There shall be no costs in this Court.

 

DATED at Halifax, Nova Scotia, this 17th day of January, 2022.

 

MICHAEL J. O’HARA

ADJUDICATOR



[1] See for example: TJ Inspection Services v. Halifax Shipyard, 2004 NSSM 5 (CanLII); Lone Cypress Woodworking v. Manabe, 2006 NSSM 2; Ray Cox Construction v. Kasperson, 2007 NSSM 8;, Johnson v. Christink, 2008 NSSM 57; Miller Lake Learning Services Inc. v. Latta, 2009 NSSM 59 (CanLII): Roofing Connection v. Select Projects Ltd., 2011 NSSM 20 (CanLII).

 

[2] See Big Wheels Transport v. Hansen et al., 1990 NSSC 135 (CanLII).

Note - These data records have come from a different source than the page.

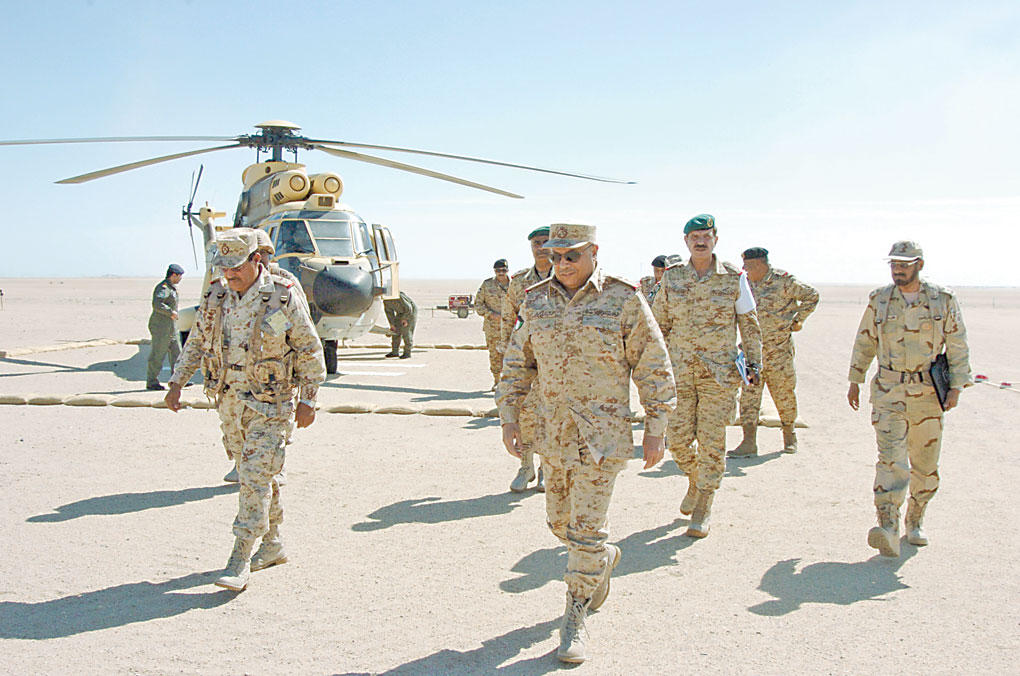 ضمن فعاليات تمرين «درع الجزيرة 9» اجرى رئيس الأركان العامة للجيش الفريق الركن خالد الجراح، يرافقه نائب رئيس الأركان العامة للجيش الفريق الركن عبدالرحمن العثمان، وقائد قوات درع الجزيرة المشتركة اللواء الركن مطلق بن سالم الأزيمع، صباح أمس جولة ميدانية للوقوف على عملية انفتاح القوات واحتلال مواقع دفاعية لردع قوات العدو الوهمي.واستهل الجراح الجولة بزيارة موقع قيادة القوة البرية التعبوي الامامي، حيث كان في استقباله قيادات القوة البرية بالجيش الكويتي، ثم توجه إلى مقر الايجاز، حيث رحب به آمر القوة البرية اللواء الركن خالد الفودري، ثم استمع إلى شرح من ضباط القوة البرية عن دور الوحدات البرية في التمرين والواجبات الموكلة إليها، متزامنة مع تسلسل الاحداث ومجريات التمرين العملي وكيفية حل المعضلات التعبوية، فضلاً عن شرح من ضباط تنسيق القوة الجوية والقوة البحرية بشأن انسجام القوات الثلاث وسرعة الاستجابة عند طلب القائد حسب تطورات الموقف العملياتي.
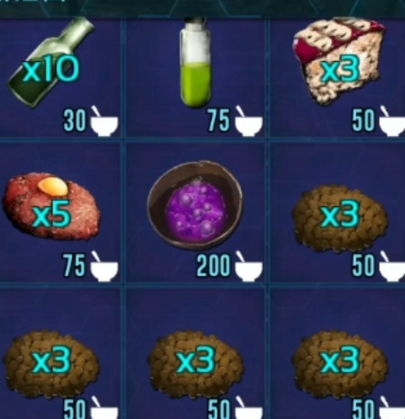 除龟蛋外,其余配料包括:胡萝卜(基础蔬菜类)、优质熟肉干(需以高等级掠食者如恐狼、双脊龙或渡渡鸟肉为原料,经火烤制成)、紫色浆果(常见于温带丛林与山地灌木丛)以及纯净水。其中,优质熟肉干为整套配方中获取门槛最高的成分,建议优先组建专业化狩猎小队,并配置保温箱与移动厨房提升加工效率。
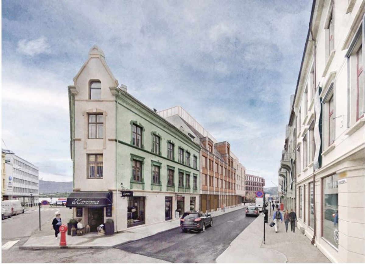 Gjennom fasadenes tilpasninger til omkringliggende Jugend-bebyggelse ønsker vi at bygget blir en del av eksisterende byarkitektur, sier arkitekt Karl Eriksson i VerkStad Arkitektur.
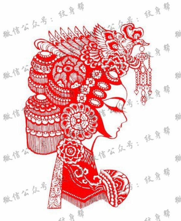 红色喜庆新娘纹身手稿素材
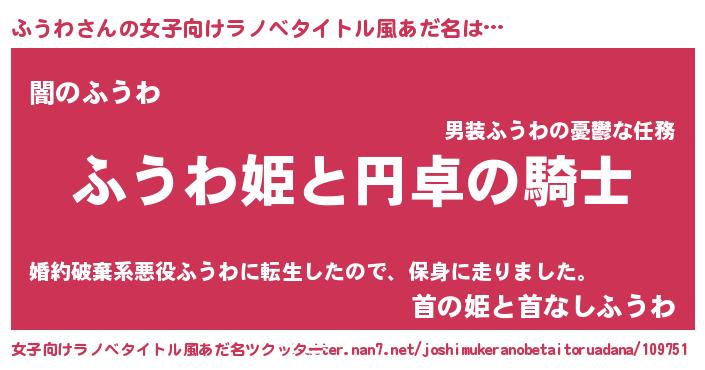 | 胡散臭い通販商品みたいなあだ名 | 『モテモテ間違いなし霊験あらたかなお札…その名も「ふうわ」』 |
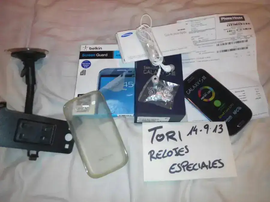 Hola a todos , pues lo dicho , me lo regale con todo mi cariño para estas navidades ( fecha exacta el 12 del 12 del 12 jejeje ) y como la tecnología va a si de rápido y algunos somos caprichosos pues eso...tenia pensado regalárselo a mi MDD pero no pudo ser jejeje asi que a la venta . El móvil esta IMPOLUTO , ni arañazos ni microrayas ni la pantalla mal ni rayada...esta IMPECABLE , siempre ha estado en su funda y con protector de pantalla , esta de reestreno , solo tiene 9 meses , se entrega con todo , caja , instruciones , auriculares sin usar claro , recambios de los mismos sin abrir y la factura de compra en the phone house con la fecha que arriba comento , los extras de los que hablo son una tarjeta Microsd de 16gb , que tenia y dejo dandole 32gb de capacidad , su funda original de samsung ( esta si esta usada claro , los roces que no van al móvil van a la funda ) un protector de pantalla sin usar y un soporte para el GPS del coche ( no es genérico , es especial para el S3 ) , el teléfono es libre de origen ( se puede ver en la factura , que sirve para los 15 meses de garantía aun vigente ) los detalles del teléfono no los pondré porque son de sobra conocidos así que espero haber detallado su estado que es lo que importa , el precio de este móvil sin extras nuevo esta en 349€ , si tuviera que sumarle los extras ( no se vende por separado!! ) podría alcanzar los 400€ , debido a su estado pido por el 300€ envío incluido , es decir si eres de Madrid y te acercas a por el pues descontamos el envío , 285€ por redondear , en fin os dejo la foto...mala foto y cualquier cosa por privado o preferiblemente al mail [email protected] .

[3] See Big Wheels case, supra

[4] It may be noted that there is no explicit provision in the Act giving the Court the power to dismiss for want of jurisdiction. The only instance where the word “dismiss” occurs in the Act is in s. 29(1) where it used in the context of the contents of an order that an adjudicator may make following a hearing. A dismissal for want of jurisdiction would not follow a hearing, at least not the type of hearing contemplated by the Act. Such a dismissal would therefore not be within the four corners of s. 29. If that is correct, and if there is a power to dismiss for want of jurisdiction, it must be by way of implied jurisdiction.